Erstaufnahmestelle Traiskirchen unter Quarantäne. Die Erstaufnahmestelle in Traiskirchen (Bezirk Baden) muss unter Quarantäne gestellt werden. Zwei bestätigte Covid-19-Fälle machen diese Maßnahme notwendig. Die NÖN sprach nach dem Bekanntwerden mit Badens Bezirkspolizeikommandant Hannes Jantschy.

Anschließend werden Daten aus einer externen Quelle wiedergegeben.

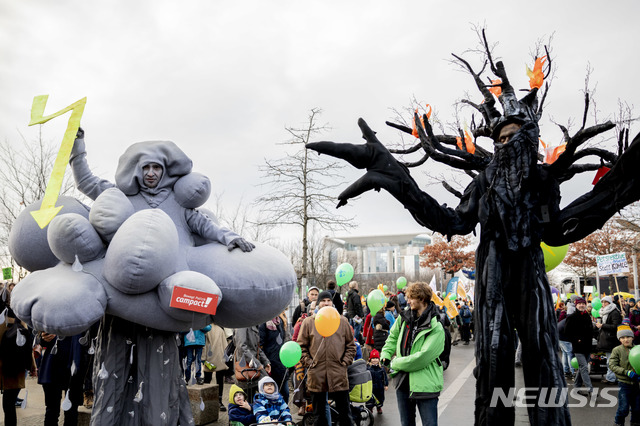 【베를린=AP/뉴시스】지난 1일(현지시간) 독일 수도 베를린에서 기후변화를 막기 위한 정부의 과감한 조치를 촉구하는 시위가 열리고 있다. 현지 언론은 베를린과 서부도시 쾰른에서 열린 시위에 3만6000명이 참여했다고 전했다. 2018.12.03

Von Judith Jandrinitsch. Update am 24. März 2020 (16:32)
Thomas Lenger/Monatsrevue

Jetzt ist es also doch passiert. Zwei Insassen des Erstaufnahmezentrums in Traiskirchen wurden positiv auf COVID-19 getestet. Seit heute gilt ein Betretungsverbot der Betreuungsstelle Ost. 

Bezirkspolizeikommandant Hannes Jantschy gehört dem Krisenstab rund um Badens Bezirkshauptfrau Verena Sonnleitner und Traiskirchens Bürgermeister Andreas Babler, SPÖ, an. Jantschy erklärt: "Eine Person wurde gestern Abend positiv getestet, eine andere Person heute in der Früh."

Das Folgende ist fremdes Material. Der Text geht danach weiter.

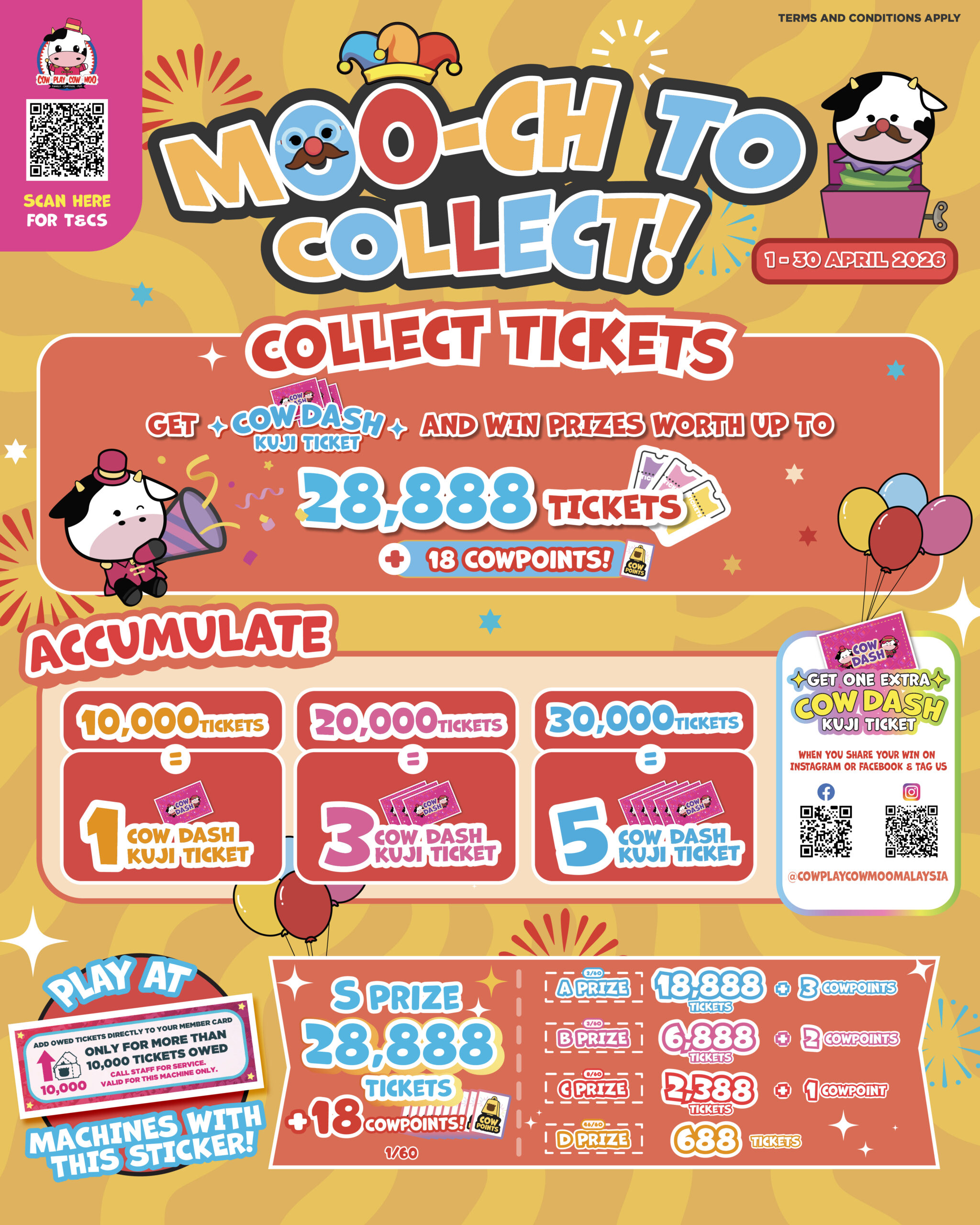 Tip: Get ONE (1) extra Cow Dash Ticket when you share your win on Instagram or Facebook & tag us @cowplaycowmoomalaysia.

Selbstverständlich sei im Erstaufnahmezentrum stets medizinisches Personal vor Ort, das sich um die Asylwerber kümmere, besonders in Zeiten wie diesen. Jantschy erläutert: "Wenn verdächtige Symptome bei einem Asylwerber auftreten, dann achten die medizinisch Verantwortlichen darauf, sind das COVID-19 Symptome, auf welcher Route ist der Asylsuchende nach Österreich gereist. So war es auch bei den beiden bestätigten Fällen."

Quarantäne bedeutet, dass in dem Fall niemand das Erstaufnahmezentrum betreten oder verlassen darf. Jantschy versichert: "Ob das Ausgehverbot auch eingehalten wird, das kontrollieren die Beamten der Polizeiinspektion Traiskirchen. Und selbstverständlich unterstützt das Stadtkommando Baden auch die Kollegen in Traiskirchen."

Bürgermeister Andreas Babler
Stadtgemeinde Traiskirchen

„Für mich ist es nur logisch, dass hier gleich vorgegangen wird wie in anderen großen Einrichtungen, wo viele Menschen zusammen kommen. Ähnlich wie bereits vor einigen Tagen in der Flüchtlingsunterkunft Salzburg oder in der steirischen Bundesheerkaserne, müssen auch in Traiskirchen die entsprechenden Maßnahmen gesetzt werden. Wichtig ist auch, dass hier für eine dementsprechende psychologische Betreuung für die Flüchtenden in dieser Situation gesorgt ist. Ich hoffe auf einen guten Verlauf für alle Beteiligten", so Traiskirchens Bürgermeister Andreas Babler.